MIAMI (AP) - A Houston energy firm has dropped a lawsuit against Venezuela’s former oil czar, who it had accused of orchestrating demands for a $10 million bribe to approve an asset sale in the South American country.

The dismissal came in a filing in Houston federal court Wednesday by Harvest Natural Resources. No reason was given for the sudden reversal but Ramirez said that no settlement was reached and that Harvest dropped its lawsuit unilaterally when it realized he would fight their accusations to the end. Lawyers for Harvest wouldn’t comment.

“I have spent years serving my fellow Venezuelans with one objective in mind: building a stronger, more prosperous Venezuela,” Ramirez said in a statement. “I would never violate the trust and responsibility that was given to me while serving my country.”

Harvest in 2018 won a default judgment against Rafael Ramirez for $472 million after the former Venezuelan official failed to contest the civil lawsuit. He later appeared in the case and vigorously fought the accusations, managing to get the default judgment dismissed.

Ramirez oversaw the OPEC nation’s oil industry for a decade as oil minister and president of its national oil company, PDVSA. But he angrily broke with fellow socialist Nicolás Maduro while serving as the Venezuelan president’s ambassador to the United Nations.

After being removed, he went into exile in Europe. This year the government-aligned Supreme Court requested his extradition from Italy, where he is believed to be living, to face corruption charges back home that Ramirez says are payback for his defiance of Maduro

Harvest had alleged that starting in 2012, it refused a $10 million bribe demand from a Florida-based oil consultant who said he was acting in the name of Ramirez. The company had reached an agreement to sell its stake in a joint venture with PDVSA for $725 million to Indonesia’s state-owned Pertamina.

Harvest claimed that as a result of its refusal to pay, Ramirez failed to approve the sale and the deal fell through. The complaint cited press reports in which Ramirez was quoted as saying that Venezuela was still analyzing the proposed sale and that “both the buyer and seller know what they need to do in order to obtain government approval.”

In 2013, Harvest said, it found another buyer, Argentina’s Pluspetrol, but was once again blocked by a similar pay-to-play scheme, the complaint charged. Harvest said it finally managed to sell its Venezuela assets for a quarter of the original price in 2016 after Ramirez had been removed from PDVSA and was serving as ambassador to the United Nations.

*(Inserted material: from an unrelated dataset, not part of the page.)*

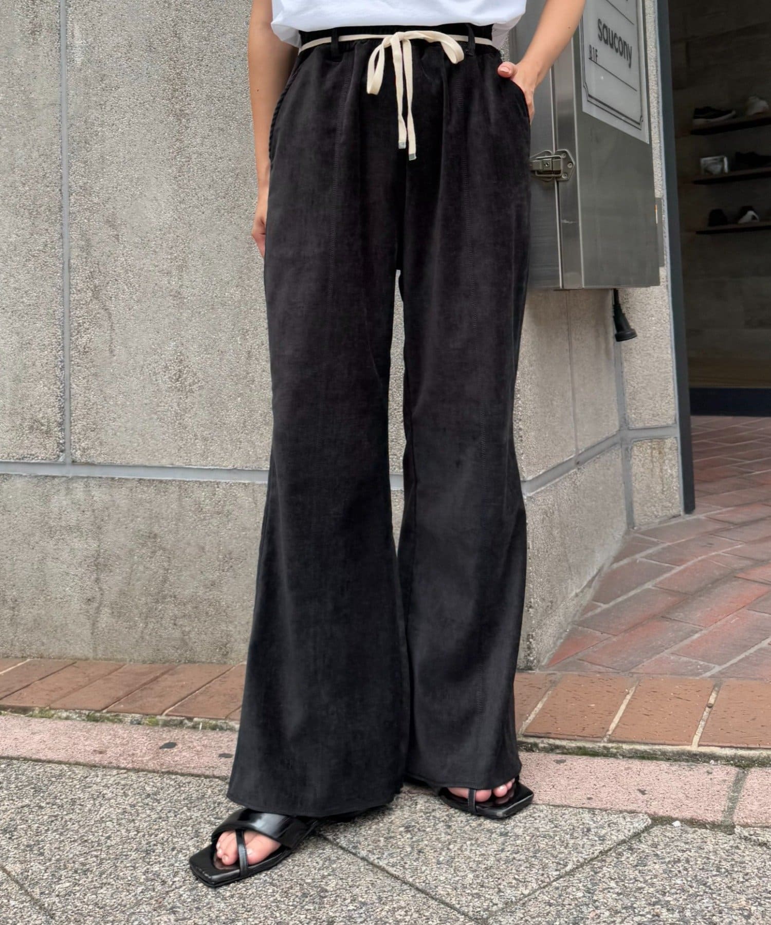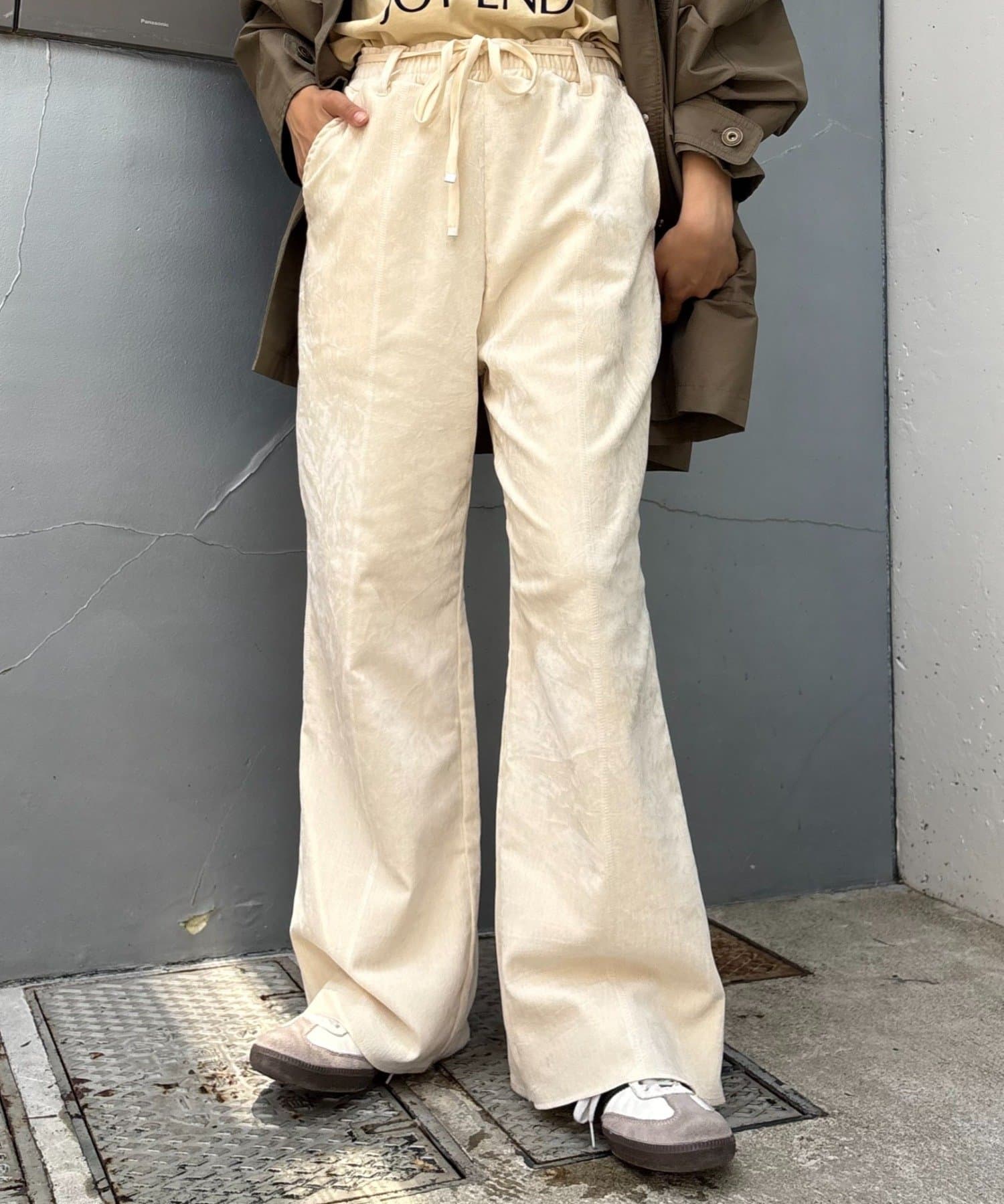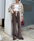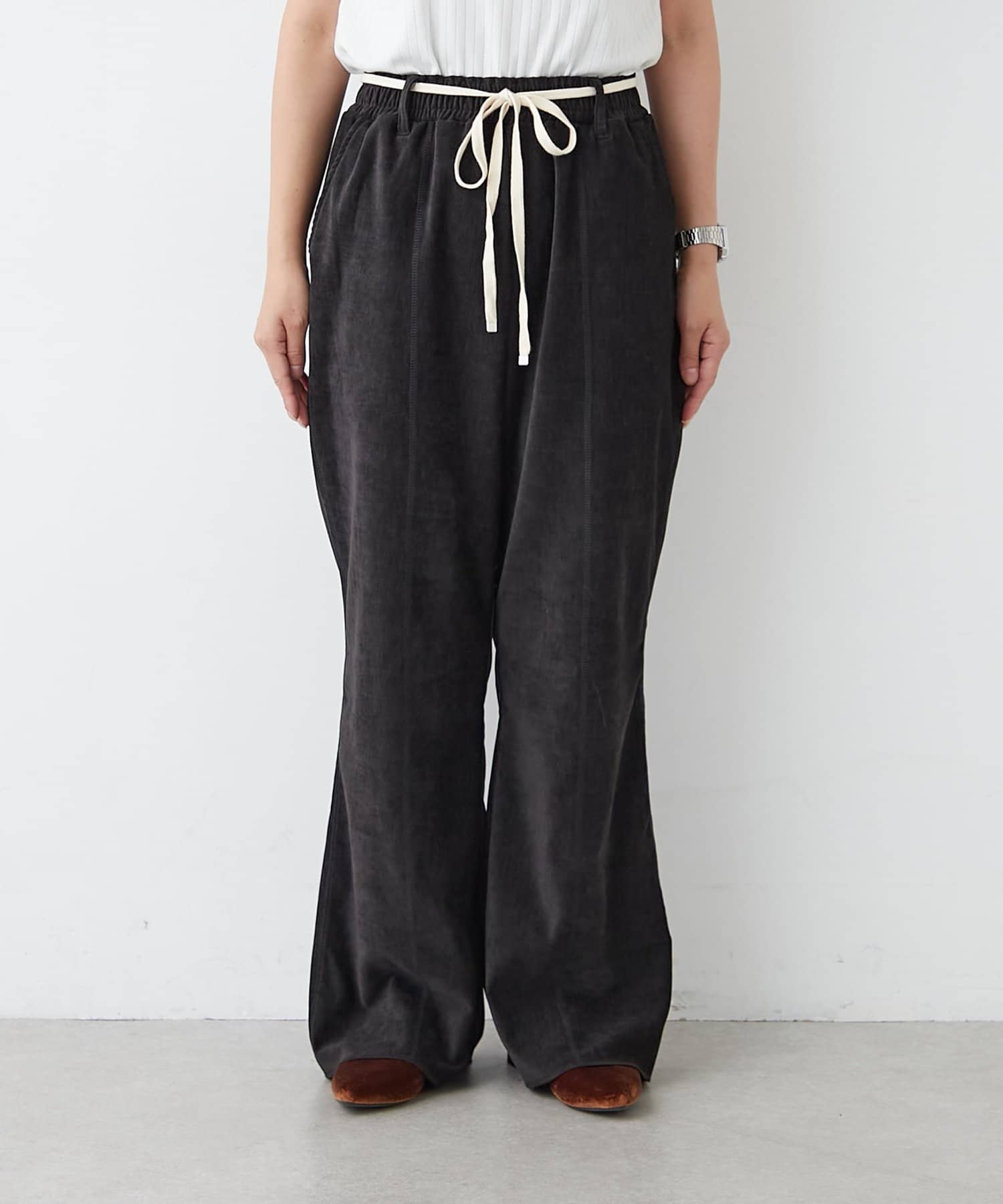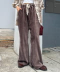 【スタイルアップ】紐ベルト付きベロアフレアパンツ
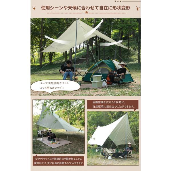 ★使用シーンや天候に合わせて自在に形状変形。タープは閉鎖的なテントよりも明るさアップ!!

Shortly after that, the U.S. company was delisted and ceased doing business.

In 2016, Venezuela’s opposition-led National Assembly said $11 billion went missing at PDVSA in the 2004-2014 period when Ramirez was in charge of the company. In 2015, the U.S. Treasury Department accused a bank in Andorra of laundering some $2 billion stolen from PDVSA.

Separately, Ramirez was named but not charged in an indictment partially unsealed in 2018 in Houston against five former PDVSA officials. The indictment alleges two of the charged individuals told businessmen that proceeds from bribes made in exchange for quick payments and contracts would be shared with a senior Venezuelan official.

That official was identified in the unsealed portion of the indictment only as “Official B.” The unidentified Venezuelan politician is Ramirez, a U.S. official told The Associated Press.